Material to process >>
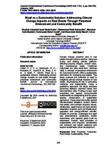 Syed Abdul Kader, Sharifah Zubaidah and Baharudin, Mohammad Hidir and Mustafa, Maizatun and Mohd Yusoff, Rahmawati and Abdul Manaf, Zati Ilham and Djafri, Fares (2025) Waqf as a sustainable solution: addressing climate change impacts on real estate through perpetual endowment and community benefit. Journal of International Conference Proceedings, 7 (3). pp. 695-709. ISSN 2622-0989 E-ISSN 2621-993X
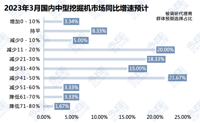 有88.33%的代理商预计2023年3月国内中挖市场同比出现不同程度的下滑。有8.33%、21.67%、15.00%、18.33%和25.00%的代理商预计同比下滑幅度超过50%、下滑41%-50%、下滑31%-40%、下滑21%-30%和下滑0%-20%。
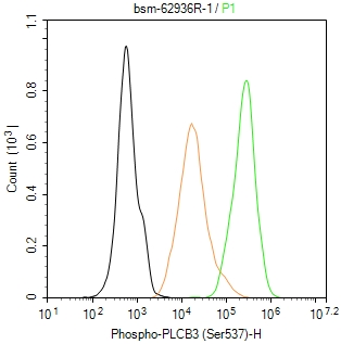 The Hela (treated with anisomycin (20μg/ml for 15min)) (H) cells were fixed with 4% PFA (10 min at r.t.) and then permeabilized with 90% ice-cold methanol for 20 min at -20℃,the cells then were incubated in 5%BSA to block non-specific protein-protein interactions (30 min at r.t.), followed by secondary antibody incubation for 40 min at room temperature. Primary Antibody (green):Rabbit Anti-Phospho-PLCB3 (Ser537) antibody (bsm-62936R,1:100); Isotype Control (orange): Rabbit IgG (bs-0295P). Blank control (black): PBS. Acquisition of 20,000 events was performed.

--

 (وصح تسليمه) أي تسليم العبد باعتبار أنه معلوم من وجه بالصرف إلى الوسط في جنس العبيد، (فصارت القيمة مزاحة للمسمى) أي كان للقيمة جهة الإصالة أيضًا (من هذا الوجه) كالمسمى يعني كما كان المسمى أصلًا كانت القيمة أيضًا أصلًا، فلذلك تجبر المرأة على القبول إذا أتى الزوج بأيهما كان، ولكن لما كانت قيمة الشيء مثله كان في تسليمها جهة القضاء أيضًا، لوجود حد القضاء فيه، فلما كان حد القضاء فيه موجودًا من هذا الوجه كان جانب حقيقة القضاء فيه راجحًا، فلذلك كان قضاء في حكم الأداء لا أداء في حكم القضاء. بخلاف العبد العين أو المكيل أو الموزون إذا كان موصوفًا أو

==

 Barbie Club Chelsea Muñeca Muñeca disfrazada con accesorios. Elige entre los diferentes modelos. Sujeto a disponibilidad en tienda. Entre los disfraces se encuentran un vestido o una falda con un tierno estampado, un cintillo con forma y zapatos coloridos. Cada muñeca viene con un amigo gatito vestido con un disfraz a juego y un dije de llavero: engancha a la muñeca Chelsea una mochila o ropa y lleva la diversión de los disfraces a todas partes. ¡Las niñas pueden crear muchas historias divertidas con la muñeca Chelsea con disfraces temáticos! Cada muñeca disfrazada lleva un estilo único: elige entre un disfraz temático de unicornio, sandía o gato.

Goal of the exercise >>
Pictures do not belong in the answer. Return the lines above starting at the one with "Syed Abdul Kader, Sharifah" and ending at the one with "The Hela (treated", both kept, exactly.

Answer for this exercise >>
 Syed Abdul Kader, Sharifah Zubaidah and Baharudin, Mohammad Hidir and Mustafa, Maizatun and Mohd Yusoff, Rahmawati and Abdul Manaf, Zati Ilham and Djafri, Fares (2025) Waqf as a sustainable solution: addressing climate change impacts on real estate through perpetual endowment and community benefit. Journal of International Conference Proceedings, 7 (3). pp. 695-709. ISSN 2622-0989 E-ISSN 2621-993X
 有88.33%的代理商预计2023年3月国内中挖市场同比出现不同程度的下滑。有8.33%、21.67%、15.00%、18.33%和25.00%的代理商预计同比下滑幅度超过50%、下滑41%-50%、下滑31%-40%、下滑21%-30%和下滑0%-20%。
 The Hela (treated with anisomycin (20μg/ml for 15min)) (H) cells were fixed with 4% PFA (10 min at r.t.) and then permeabilized with 90% ice-cold methanol for 20 min at -20℃,the cells then were incubated in 5%BSA to block non-specific protein-protein interactions (30 min at r.t.), followed by secondary antibody incubation for 40 min at room temperature. Primary Antibody (green):Rabbit Anti-Phospho-PLCB3 (Ser537) antibody (bsm-62936R,1:100); Isotype Control (orange): Rabbit IgG (bs-0295P). Blank control (black): PBS. Acquisition of 20,000 events was performed.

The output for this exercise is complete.